How to design what amounts to a variable load resistor

Thread Starter

CaryInVancouver

Joined Jan 25, 2011
9
I am interested in using a power supply that provides 12A at 5V. It requires a minimum 3A load, however. I understand that could be achieved with a (5V/3A=) 1.7 Ohm load resistor placed between +5V and ground (possibly achieved by using larger-Ohm resistors wired in parallel). My question is whether there is a more efficient way of maintaining a load of at least 3A, so that the max load is not effectively reduced to 9A.

Let X be the load in amps. I would like to add some parts to the circuit that would create an additional load of 3-X amps (or 3A) when X < 3A, but add no load when X >= 3A. Any ideas?

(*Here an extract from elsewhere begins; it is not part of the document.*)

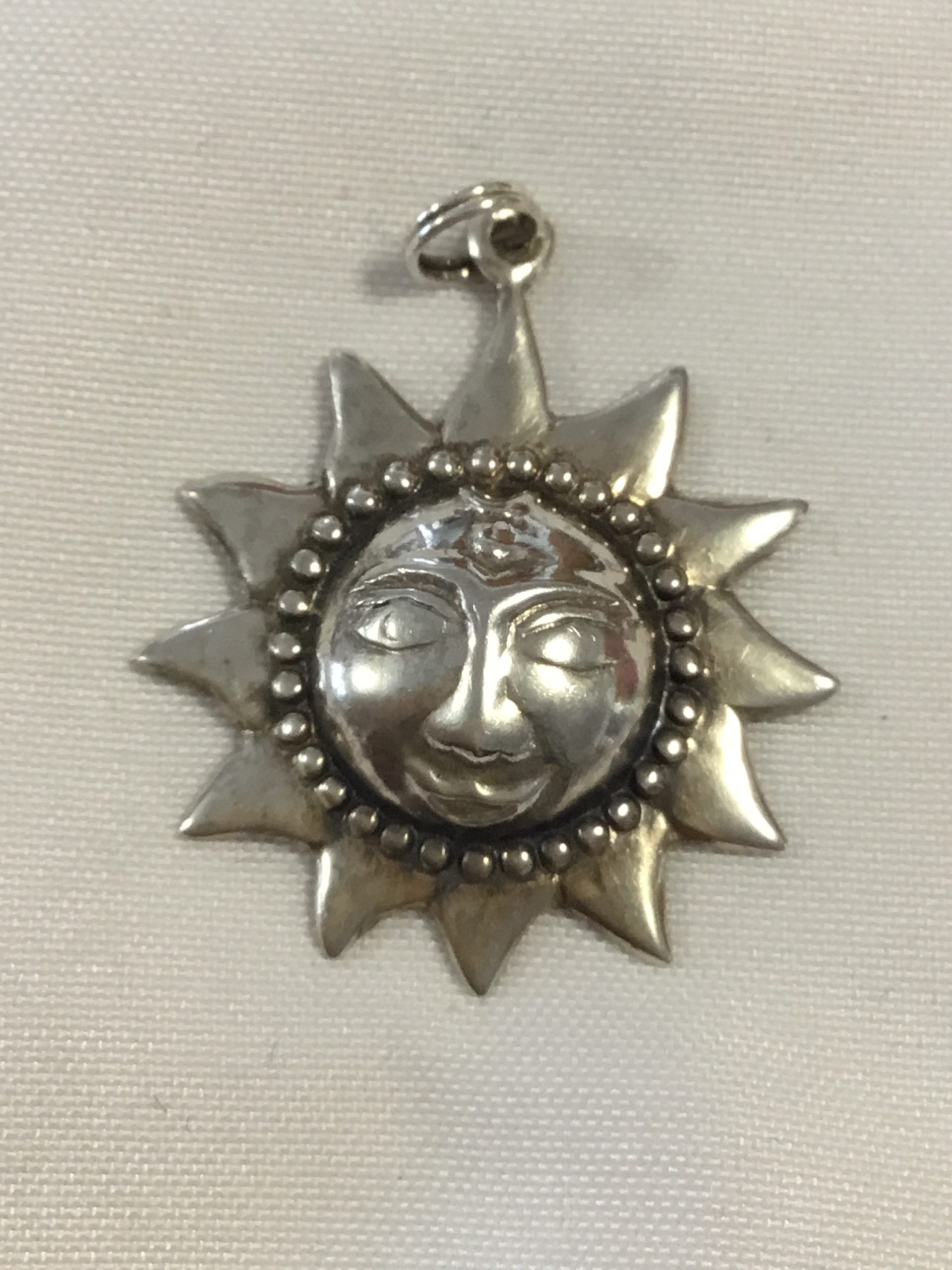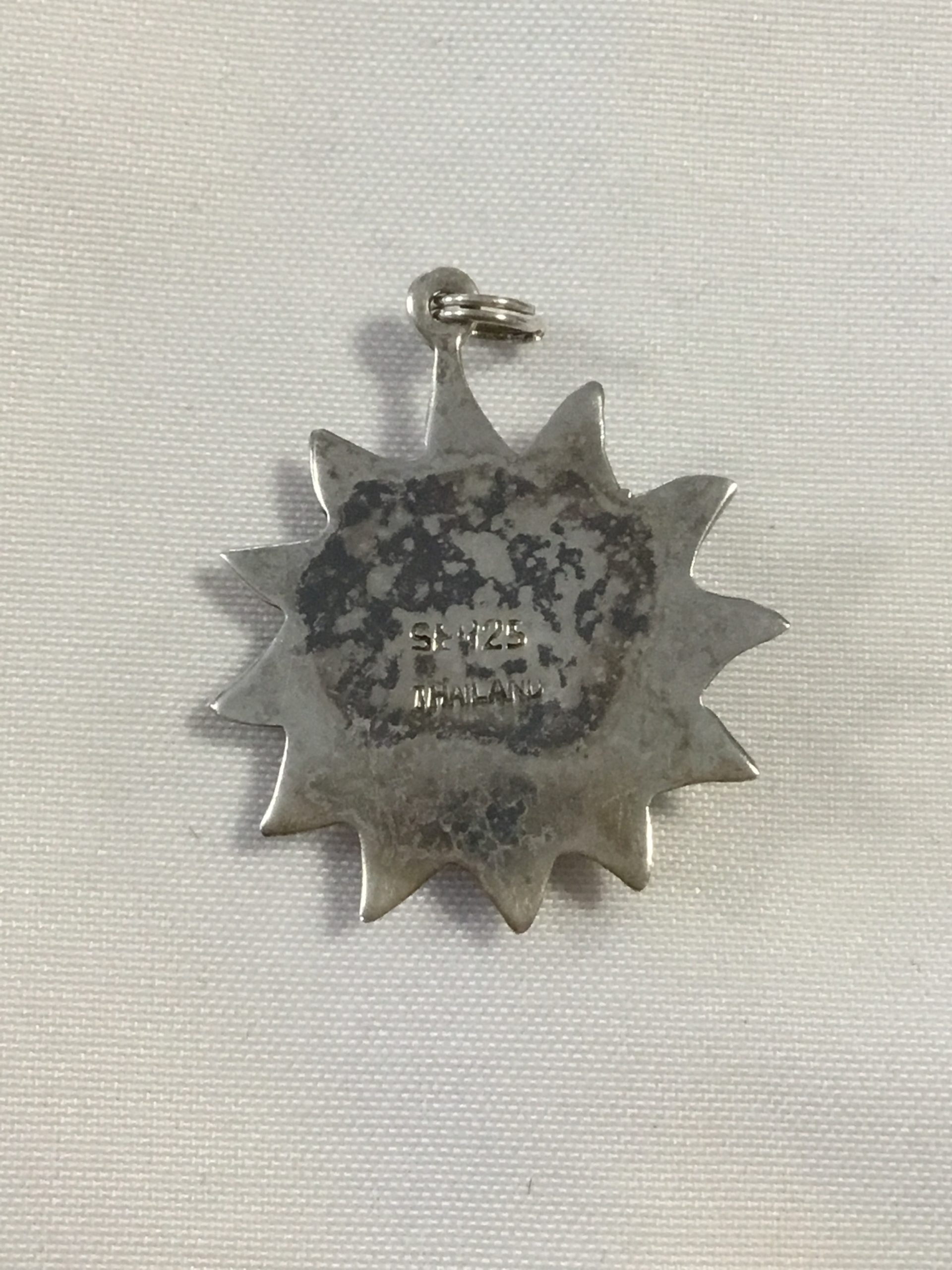 Sterling Silver Sun Pendant, measurers approximately 3/4″. Marked 925 Thailand. Please view images for condition and details and grade by your own grading standards.

If it's not obvious, I'm pretty new to this hobby.

Cary
 

wayneh

Joined Sep 9, 2010
17,496
There are definitely ways to accomplish this. The question is which is easiest.

I'd consider a constant current supply, where the current level is controlled by a measurement of the total load. So if total load is greater than 3A, the circuit supplies zero to its load. At any lower total load, the circuit adds current to make up the difference.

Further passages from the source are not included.